# INPUT RECORDS
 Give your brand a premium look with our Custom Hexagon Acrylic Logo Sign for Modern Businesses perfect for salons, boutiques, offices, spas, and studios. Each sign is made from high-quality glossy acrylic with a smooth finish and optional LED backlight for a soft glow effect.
--
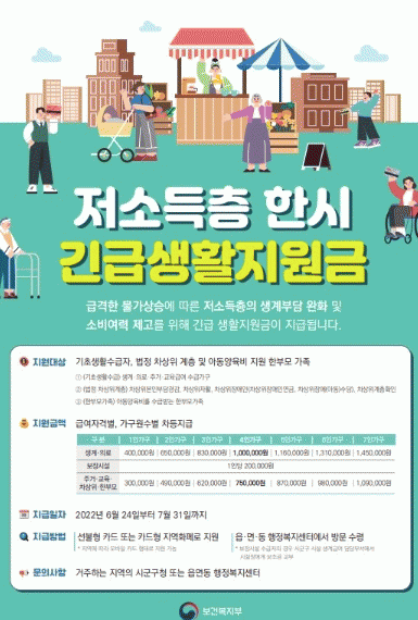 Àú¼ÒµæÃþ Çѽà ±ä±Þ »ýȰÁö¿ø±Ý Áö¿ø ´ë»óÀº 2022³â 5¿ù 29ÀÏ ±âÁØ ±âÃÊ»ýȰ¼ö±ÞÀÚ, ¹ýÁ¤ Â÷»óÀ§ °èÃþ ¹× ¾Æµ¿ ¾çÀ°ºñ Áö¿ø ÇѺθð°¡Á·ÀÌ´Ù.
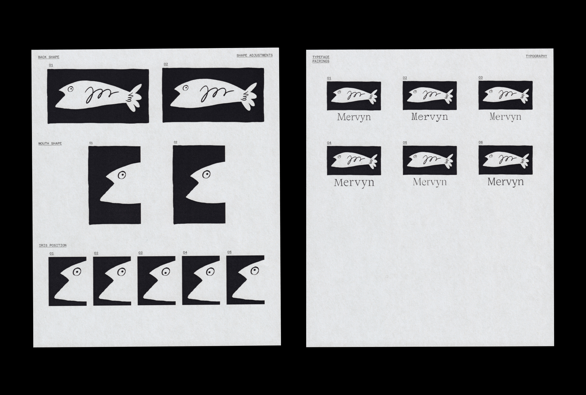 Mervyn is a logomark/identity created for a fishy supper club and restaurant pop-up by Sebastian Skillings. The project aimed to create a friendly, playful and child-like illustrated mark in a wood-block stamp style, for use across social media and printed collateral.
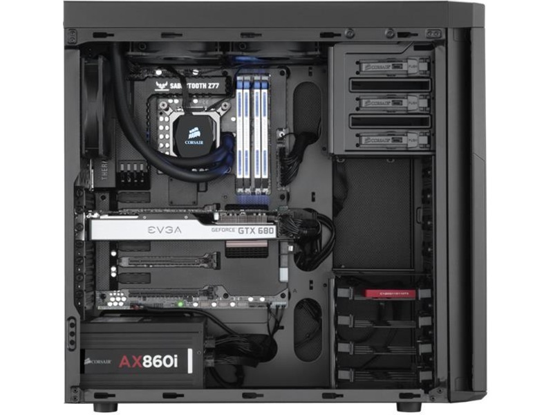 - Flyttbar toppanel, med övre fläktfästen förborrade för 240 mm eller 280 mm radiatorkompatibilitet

# YOUR INSTRUCTIONS
Restate word for word every line from the one with "Mervyn is a" up to and including the one with "- Flyttbar toppanel, med" in the records above, minus the pictures.

# ANSWER SECTION
 Mervyn is a logomark/identity created for a fishy supper club and restaurant pop-up by Sebastian Skillings. The project aimed to create a friendly, playful and child-like illustrated mark in a wood-block stamp style, for use across social media and printed collateral.
 - Flyttbar toppanel, med övre fläktfästen förborrade för 240 mm eller 280 mm radiatorkompatibilitet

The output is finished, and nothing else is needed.